_Data records:_
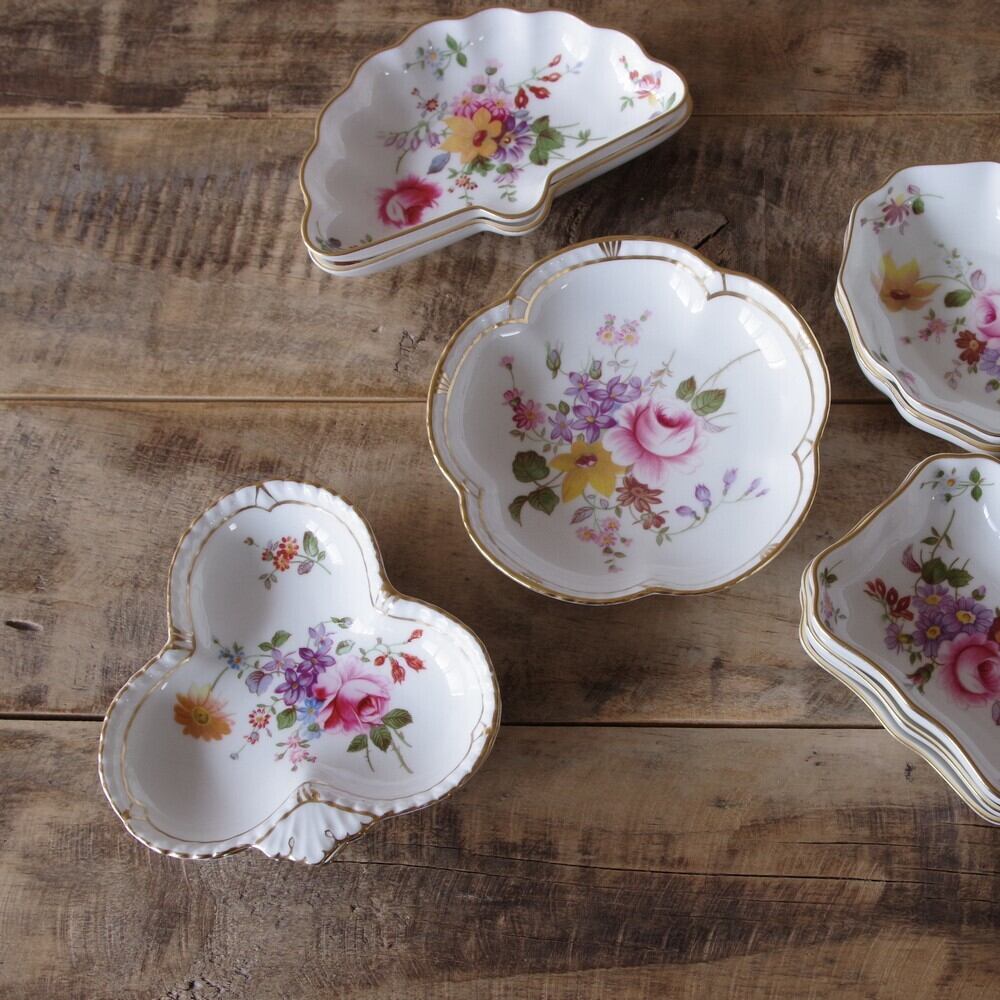 ロイヤルクラウンダービー ポウジーズ 花柄 トリンケットディッシュ 小皿 トレイ クローバー型 11cm #201108-12 Royal Crown Derby Posies ミニプレート 陶磁器 BONE CHINA
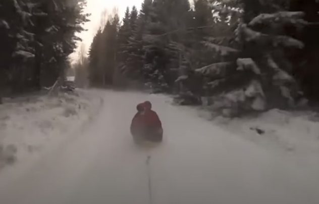 Autoilija vetää perässä pulkkaa – kyydissä olijat huijaavat kuolemaa
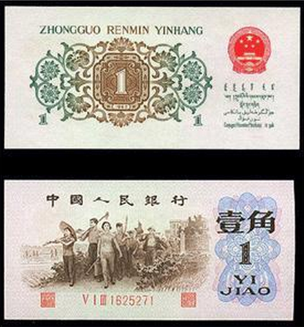 为挽救“红一角”的“政治错误”,1966年10月1日,因背面的墨绿色菊花图案而得名的“1角背绿券”临危受命,进入流通,人物改为“向左走”,从而取代了“右倾”的“红一角”。不过好景不长,“1角背绿券”在1966年10月1日正式发行,但却在1967年12月被匆匆回收。之所以如此“命短”,也是因为一个致命的失误,那就是“背绿券”与1964年发行的2角纸钞背面颜色极为相似,容易在交易过程中混淆。当时,很多人甚至故意将“1角背绿”作为2角钱使用,引起了金融秩序的极大混乱。于是,“背绿券”仅流通14个月,即被央行召回,成为人民币历史上流通时间最短的纸币。
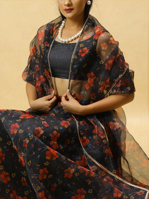 Black and red printed dupatta, taping border
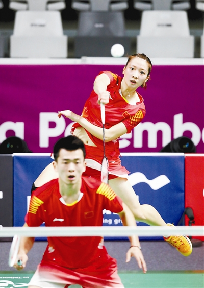 郑思维/黄雅琼(上)在比赛中。新华社记者 丁汀 摄
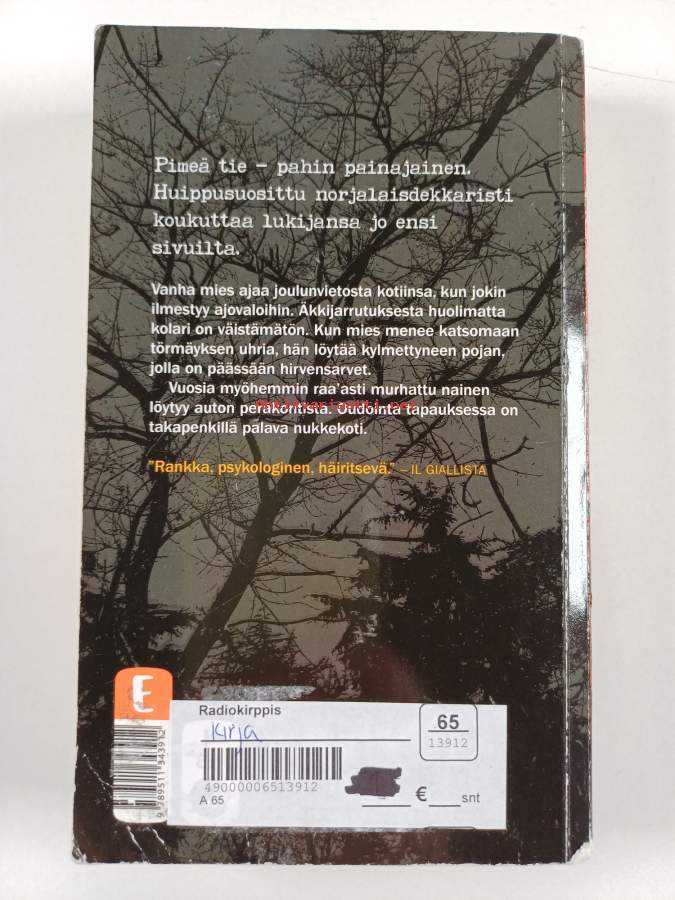Hyvä. Tarkempi kuntoluokka: K3- ; Hieman taitejälkeä kansissa, takana vanha hintalappu, selkämyksessä hieman vinoutta, selkämyksessä lukutaittumaa
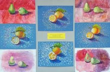 Вместе все зовутся…(Фрукты)Сочные, яркие фрукты в технике живопись мазочками гуашью и словно в дымке - акварелью на мятой бумаге нарисовали учащиеся 2па, 2пб классов (преподаватель Васильева Наталия Владимировна). Выставку работ можно увидеть на 3 этаже школы.
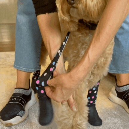 Your dog might take a few tries to get used to their Walkee Paws, but we guarantee they'll prefer our leggings to other dog boots. That's because our booties are made from flexible, stretchy Thermoplastic Elastomer (TPE) that allows them to feel the ground while walking. And because all four leggings connect together over the back, they're loose around the ankles for canine comfort.
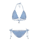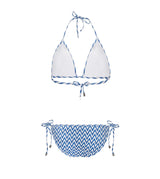 Classic 2-piece triangle bikini in white with blue Zig Zag print.
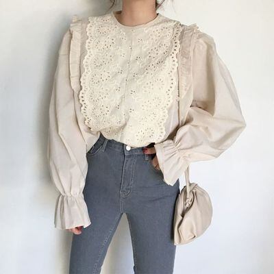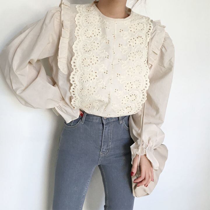オータムレーススリーブラウンドネックシャツ ブラウス レディース 秋物 Oネック ステッチ 韓国婦人46363848494
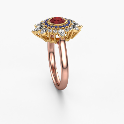 This 14 Carat rose gold ring is called Tianna and is set with ruby. An extraordinary rose gold vintage ring. One that will surely make the love of your life shine like a diamond! That is what we hope to achieve. This vintage engagement ring is set with exquisite ruby. Whichever gemstone you choose from our selection, is up to you. The gemstone is selected with great care because we believe your engagement ring must be adorned with nothing but the most beautiful gemstone. Wouldn't you agree? Our expert goldsmith will design your ring in our own artisan studio, where the ruby will be set with great precision. The ring will then be polished till it is absolutely perfect. Nothing but the best for the love of your life! This jewel is made just for you by our master goldsmiths in our own studio.Because we design and deliver our own rings, we can offer you a engagement ring at a price you won't find anywhere else. A ring is made to order, which helps prevent excess supplies, so we can make you a great price offer. We understand it feels risky, buying your engagement ring online, but we will gladly assist in the designing process, taking your budget into consideration.Our team adds new designs to our online collection daily. Our designers and goldsmiths work together in creating the best design. We strive to offer a diverse collection of jewels. Perhaps you have a specific jewel design in mind. One you came across somewhere. Please contact us for a free consultation. We will make you an offer, based on a fair price/ quality ratio, that will baffle you.To make it easier for you, we offer a 30 day return policy. Check our terms and conditions.
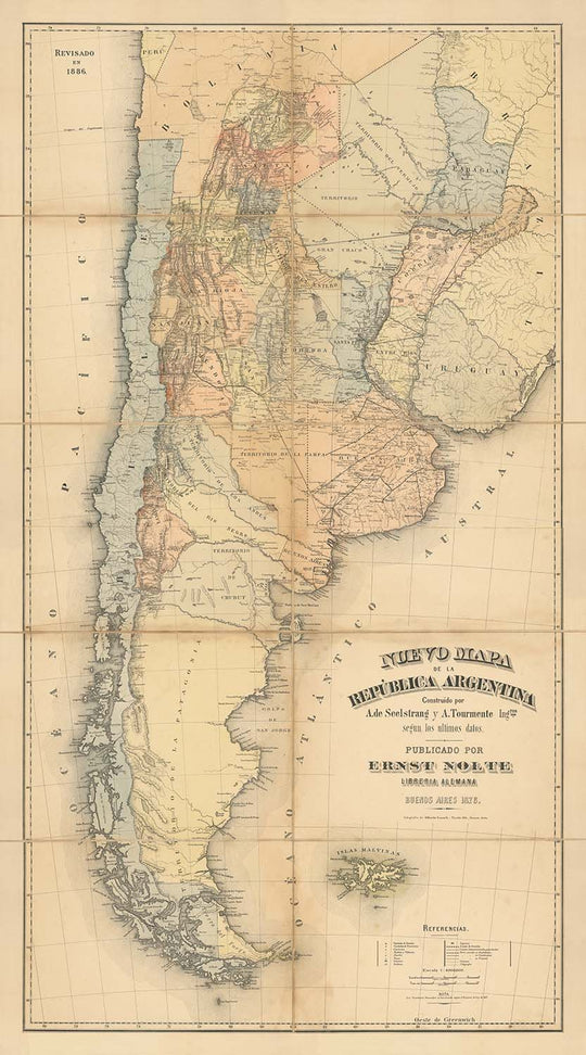 El "Nuevo Mapa de la República Argentina," elaborado por las hábiles manos de A. de Seelstrang y A. Tourmente y publicado por Ernst Nolte, es un logro cartográfico notable de 1886. Este mapa captura un período transformador en la historia argentina, cuando la nación estaba floreciendo con crecimiento e influencia europea. Delinea elegantemente los paisajes políticos y físicos de Argentina y el sur de Chile, proporcionando una ventana a una época en la que el país estaba expandiendo sus territorios e infraestructura. El mapa es un testimonio de las ambiciones de Argentina y su identidad en evolución como una nación de oportunidades.
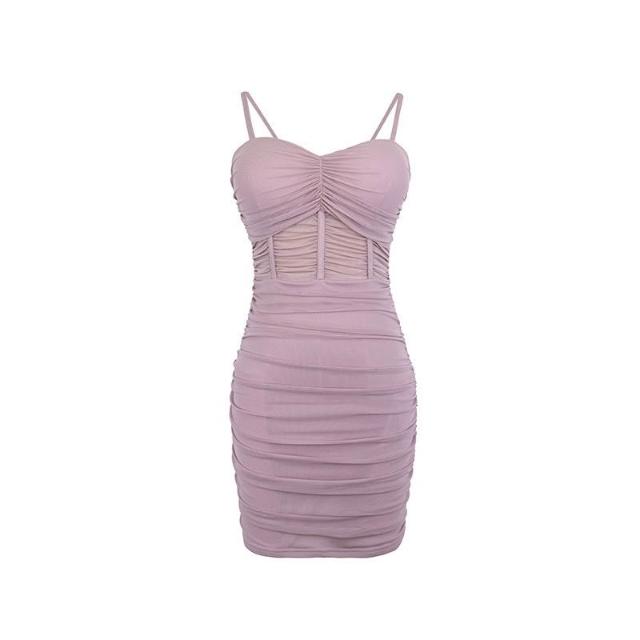 臧女皇新款S-L性感吊帶連衣裙 小禮服 包臀鏤空網紗洋裝 豆沙粉禮服包臀裙聚會派對夜店洋裝 連衣裙女裝
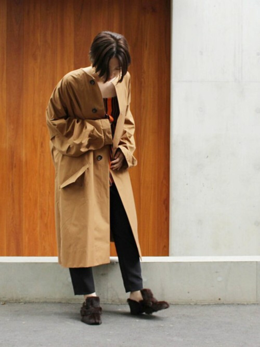 ◆STUDIO NICHOLSONコート カラーリングとタックのデザインが素敵なストライプのキャミブラウスとテーパードパンツに、オーバーサイズのコートで外したスタイル。 足元は KMBのファーサンダルでグッと秋を感じる装いに!
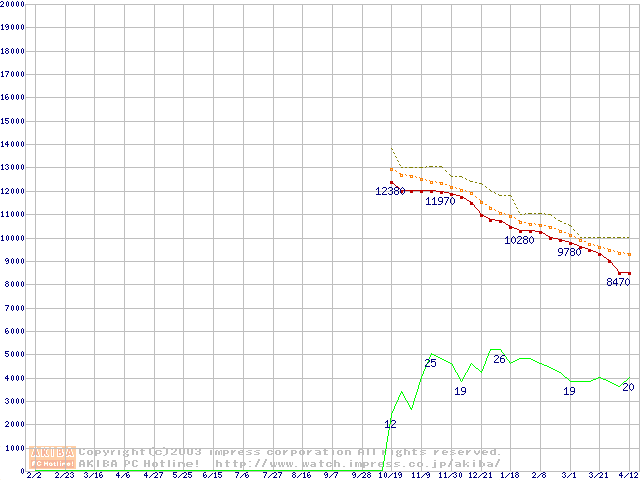 HDD主要製品の最安値推移

_Activity:_
Everything in the listing must be copied exactly except the pictures.

_Result:_
 ロイヤルクラウンダービー ポウジーズ 花柄 トリンケットディッシュ 小皿 トレイ クローバー型 11cm #201108-12 Royal Crown Derby Posies ミニプレート 陶磁器 BONE CHINA
 Autoilija vetää perässä pulkkaa – kyydissä olijat huijaavat kuolemaa
 为挽救“红一角”的“政治错误”,1966年10月1日,因背面的墨绿色菊花图案而得名的“1角背绿券”临危受命,进入流通,人物改为“向左走”,从而取代了“右倾”的“红一角”。不过好景不长,“1角背绿券”在1966年10月1日正式发行,但却在1967年12月被匆匆回收。之所以如此“命短”,也是因为一个致命的失误,那就是“背绿券”与1964年发行的2角纸钞背面颜色极为相似,容易在交易过程中混淆。当时,很多人甚至故意将“1角背绿”作为2角钱使用,引起了金融秩序的极大混乱。于是,“背绿券”仅流通14个月,即被央行召回,成为人民币历史上流通时间最短的纸币。
 Black and red printed dupatta, taping border
 郑思维/黄雅琼(上)在比赛中。新华社记者 丁汀 摄
Hyvä. Tarkempi kuntoluokka: K3- ; Hieman taitejälkeä kansissa, takana vanha hintalappu, selkämyksessä hieman vinoutta, selkämyksessä lukutaittumaa
 Вместе все зовутся…(Фрукты)Сочные, яркие фрукты в технике живопись мазочками гуашью и словно в дымке - акварелью на мятой бумаге нарисовали учащиеся 2па, 2пб классов (преподаватель Васильева Наталия Владимировна). Выставку работ можно увидеть на 3 этаже школы.
 Your dog might take a few tries to get used to their Walkee Paws, but we guarantee they'll prefer our leggings to other dog boots. That's because our booties are made from flexible, stretchy Thermoplastic Elastomer (TPE) that allows them to feel the ground while walking. And because all four leggings connect together over the back, they're loose around the ankles for canine comfort.
 Classic 2-piece triangle bikini in white with blue Zig Zag print.
オータムレーススリーブラウンドネックシャツ ブラウス レディース 秋物 Oネック ステッチ 韓国婦人46363848494
 This 14 Carat rose gold ring is called Tianna and is set with ruby. An extraordinary rose gold vintage ring. One that will surely make the love of your life shine like a diamond! That is what we hope to achieve. This vintage engagement ring is set with exquisite ruby. Whichever gemstone you choose from our selection, is up to you. The gemstone is selected with great care because we believe your engagement ring must be adorned with nothing but the most beautiful gemstone. Wouldn't you agree? Our expert goldsmith will design your ring in our own artisan studio, where the ruby will be set with great precision. The ring will then be polished till it is absolutely perfect. Nothing but the best for the love of your life! This jewel is made just for you by our master goldsmiths in our own studio.Because we design and deliver our own rings, we can offer you a engagement ring at a price you won't find anywhere else. A ring is made to order, which helps prevent excess supplies, so we can make you a great price offer. We understand it feels risky, buying your engagement ring online, but we will gladly assist in the designing process, taking your budget into consideration.Our team adds new designs to our online collection daily. Our designers and goldsmiths work together in creating the best design. We strive to offer a diverse collection of jewels. Perhaps you have a specific jewel design in mind. One you came across somewhere. Please contact us for a free consultation. We will make you an offer, based on a fair price/ quality ratio, that will baffle you.To make it easier for you, we offer a 30 day return policy. Check our terms and conditions.
 El "Nuevo Mapa de la República Argentina," elaborado por las hábiles manos de A. de Seelstrang y A. Tourmente y publicado por Ernst Nolte, es un logro cartográfico notable de 1886. Este mapa captura un período transformador en la historia argentina, cuando la nación estaba floreciendo con crecimiento e influencia europea. Delinea elegantemente los paisajes políticos y físicos de Argentina y el sur de Chile, proporcionando una ventana a una época en la que el país estaba expandiendo sus territorios e infraestructura. El mapa es un testimonio de las ambiciones de Argentina y su identidad en evolución como una nación de oportunidades.
 臧女皇新款S-L性感吊帶連衣裙 小禮服 包臀鏤空網紗洋裝 豆沙粉禮服包臀裙聚會派對夜店洋裝 連衣裙女裝
 ◆STUDIO NICHOLSONコート カラーリングとタックのデザインが素敵なストライプのキャミブラウスとテーパードパンツに、オーバーサイズのコートで外したスタイル。 足元は KMBのファーサンダルでグッと秋を感じる装いに!
 HDD主要製品の最安値推移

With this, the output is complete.